6. +Schneider makes a major, contradictory non-sequitur in this (bolded) quote:
"One can disinherit children of a family. Yet one cannot disinherit the father of a family, however guilty or monstrously he behaves himself. This is the law of the hierarchy which God has established even in creation. The same is applicable to the pope, who during the term of his office is the spiritual father of the entire family of Christ on earth. In the case of a criminal or monstrous father, the children have to withdraw themselves from him or avoid contact with him. However, they cannot say, “We will elect a new and good father of our family.” It would be against common sense and against nature. The same principle should be applicable therefore to the question of deposing a heretical pope. The pope cannot be deposed by anybody, only God can intervene and He will do this in His time, since God does not fail in His Providence (“Deus in sua dispositione non fallitur”). During the First Vatican Council, Bishop Zinelli, Relator of the conciliar commission on Faith, spoke in these terms about the possibility of a heretical pope: “If God permits so great an evil (i.e. a heretical pope), the means to remedy such a situation will not be lacking” (Mansi 52, 1109)."

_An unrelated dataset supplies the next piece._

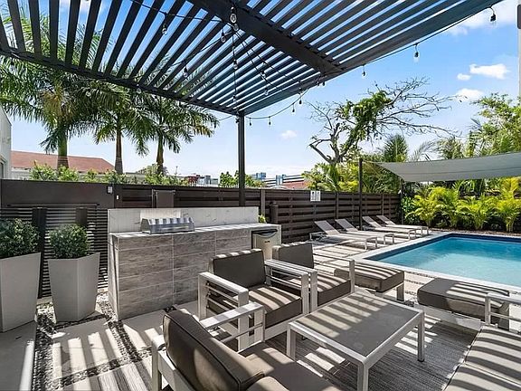 Discover modern luxury in this stunning furnished 4-bed, 4-bath townhome inCoral Way, a vibrant neighborhood experiencing exciting new developments, including an influx of upscale townhomes. Built in 2021, this 2,600 sq. ft. residence blends contemporary design with high-end finishes. Features include an open living space, a chef's kitchen boasting stainless steel appliances, quartz countertops, and warm oak cabinetry. En-suite bathrooms accompany each bedroom. Enjoy two private balconies and a backyard retreat with a heated/chilled pool, pergola, built-in barbecue. Prime location offers unparalleled convenience to Miracle Mile, Coral Gables, Coconut Grove, Brickell, and Downtown Miami, positioning you at the heart of it all.

What, then, are these means which are not lacking if, as +Schneider says, the Church cannot declare Christ's deposition of the heretical pope?
+Schneider a few paragraphs earlier has just explained that we must patiently endure the heretical pope, and there a deposition is unfeasible (even by Christ).
This commentary concludes for the sake of brevity, about halfway through +Schneider's article.
Later, he will continue to rebuke the saints and doctors, likening those who supposed the possibility of convening a council to declare Christ's deposition of an hereetical pope to Donatists (!), and being guilty of conciliarism, etc.
If there is sufficient interest, I can comment on the rest of the article, but at this juncture, it does not appear very persuasive (at least to me).